Hi,
I have a single cell RNA-seq dataset consisting of 10 samples (5 cluster, 2 days) that I aggregated creating pseudobulk RNA seq matrix for downstream analysis.
The problem is that after data aggregation using , I generated a matrix (more than 25000 genes, I show only ten):
tab[,1:10]
Xkr4 Gm1992 Gm19938 Gm37381 Rp1 Sox17 Gm37587 Mrpl15 Lypla1 Tcea1
A_1 100.3983403 2.094996 8.0508725 0.4740132 11.7446134 50.5215017 0.8604795 541.788327 204.612026 866.087779
A_2 3.7714064 0.000000 0.0000000 0.0000000 0.0000000 2.9878470 0.0000000 20.446530 11.856091 36.950256
B_1 26.3195842 1.942903 0.4094375 0.0000000 0.0000000 9.5934363 0.0000000 246.942944 129.289099 470.376530
B_2 4.5693646 1.343612 2.4839935 0.0000000 1.9287930 1.3162788 0.0000000 131.049776 58.809368 202.904801
C_1 3.7508510 1.285488 1.2854877 0.0000000 0.0000000 1.7040939 0.0000000 6.820192 1.231842 8.273079
C_2 65.0411039 5.427881 3.6083771 0.0000000 0.6973232 2.9113581 0.0000000 391.903116 166.712614 553.954149
D_1 0.4635404 0.000000 0.0000000 0.0000000 0.0000000 0.0000000 0.0000000 3.897851 3.142519 10.284732
D_2 21.5049262 1.197321 3.1446334 0.0000000 0.4733959 0.7565153 0.0000000 229.970330 104.761129 346.445247
E_1 66.9866197 2.038161 5.2060244 0.0000000 6.3575404 28.5580183 1.3065041 91.232942 42.103075 127.664432
E_2 0.4813143 0.000000 0.0000000 0.0000000 0.0000000 5.1772589 0.0000000 18.813332 8.889335 13.623546
As u can see, expression profile in each sample is different, because the number of cells for each sample is different:
NUMBER OF CELLS:
A_1 A_2 B_1 B_2 C_1 C_2 D_1 D_2 E_1 E_2
1322 56 733 416 16 1004 19 637 226 30
How can I manually normalize data, obtaining values in a range from 0-1? thanks
Hi, thank you for your response.
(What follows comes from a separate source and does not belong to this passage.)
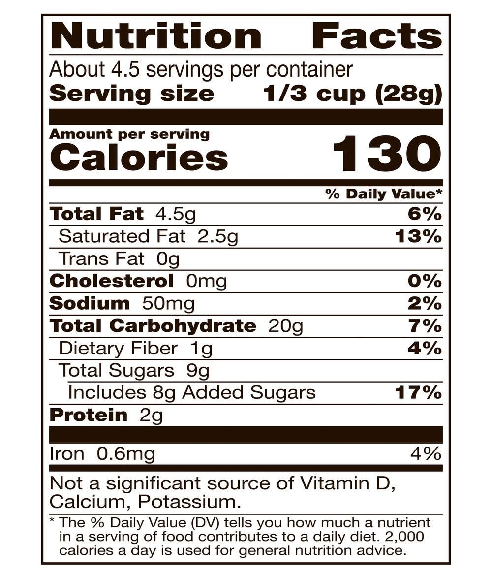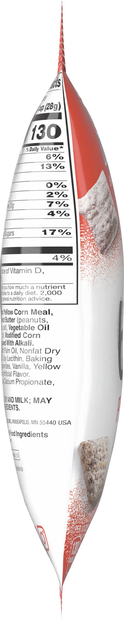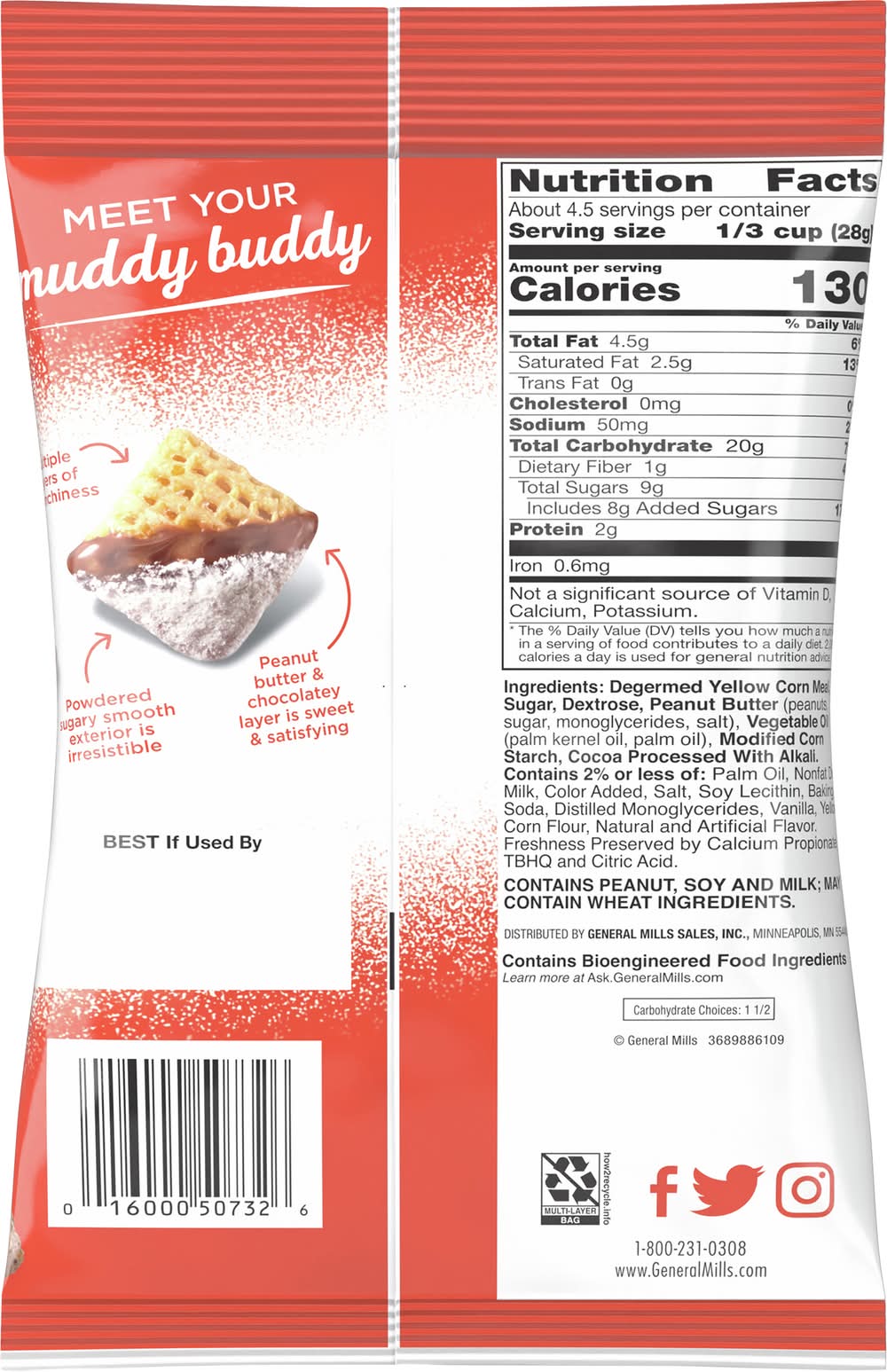 offers a delightful combination of flavors and textures. Coated in a sweet and satisfying blend of each piece boasts multiple layers of crunchiness. A powdered sugary coating provides a smooth finish to this snack. Each serving size of 1/3 cup contains 130 calories, 2.5 grams of saturated fat, 50 milligrams of sodium, and 9 grams of total sugars. It is important to note that the product contains bioengineered food ingredients. Flavor: Peanut butter-chocolate

What I was trying is to construct a MDS plot to show the similarity between clusters. in this regard, some colleagues told me that the samples must be normalized, otherwise the mds plot depicts proximity based on the number of cells (the more cells, the higher the expression value). They also told me that when I aggregate the data it would be more appropriate to use the function
fun = mean
instead of the sum:I know the approach with sum rather than average as sum preserved the integer nature and distribution of counts which averages do not. See for example the OSCA workflow from Bioconductor http://bioconductor.org/books/3.15/OSCA.multisample/multi-sample-comparisons.html#creating-pseudo-bulk-samples
I understand that it is recommended to use the sum instead of the average, which I have done so far. The problem is that until now, in this way, I haven't been able to manually get a decent mds graph, which mirrors the one obtained using a deseq2 package. for this I can not understand where is the error in the normalization of my data.